DOUBLE CHOCOLATE MALT CAKE


I baked this for my eldest 28th birthday....very very rich chocolate cake, saya guna serbuk milo untuk kek dan menarik tentang kek ini ialah setiap lapisan kek dilapisi dengan chocolate pudding manakala diatas kek saya hiaskan dengan chocolate dip profiteroles atau cream puff...perghh memang fully chocolatay and sinfully delicious. 

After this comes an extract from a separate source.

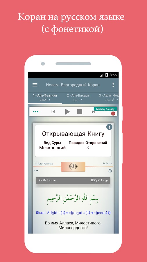 • Слушайте и изучайте чтение Корана с величайшими чтецами (Кари / Шейх / Имам), такими как Мишари Алафаси, Саад Аль-Гамиди, Ас-Судайс или АбдулБазит АбдулСамад (Муратталь, Муджаввад).

Terlupa hendak rakamkan bahagian dalamnya ebab terlalu asyik menikmatinya, ha..ha lagi pula dipublik anyway just sharing how you can all ylour favourite dessert into one cake





Double Chocolate Malt Cake


    • 75g (1/4 cup + 2 tbsp) unsalted butter
    • 80ml (1/3 cup) refined olive oil or neutral oil
    • 60g (3/4 cup) unsweetened cocoa powder
    • 45g (1/4 cup + 2 tbsp) malted milk powder
    • 300g (1½ cups) granulated sugar
    • 3 eggs
    • 190ml (3/4 cup) full fat yogurt
    • 250ml (1 cup) just-boiled water or hot coffee
    • 300g (2½ cups) plain (all-purpose) flour
    • 1½ tsp baking powder
    • 1 ½ tsp bicarbonate of soda (baking soda)
    • ½ tsp salt
    • 1x recipe for chocolate malt pudding-style frosting (see recipe below)
    • 100g maltesers, crushed

    INSTRUCTIONS

    Grease and line three 20cm cake tins. If they’re loose-bottomed, place them onto a couple of baking trays to catch any batter which drips through. Preheat the oven to 180 C (350 F).
    In a small pot, melt the butter over a low heat until just melted. Pour into a large bowl and mix together with the oil, cocoa powder, malted milk powder, sugar, eggs and yogurt until well combined. Pour in the just-boiled water and quickly (but carefully) mix together until smooth.
    Add in the flour, baking powder, bicarbonate of soda and salt. Use a whisk to gently stir together until the flour has just been mixed in.
    Divide the batter between lined tins and bake for 35-45 minutes until toothpick inserted into the centre comes out mostly clean – ok if a few crumbs are stuck – and when gently poked, the cake springs back. Leave to cool for a few minutes then gently loosen the edges of the cake with a knife. Leave to cool completely then pop out of the tins.
    Once cooled, level the cakes using a serrated knife if the layers have domed tops. Use the frosting to sandwich the layers together and to coat the entire cake. Decorate with crushed maltesers.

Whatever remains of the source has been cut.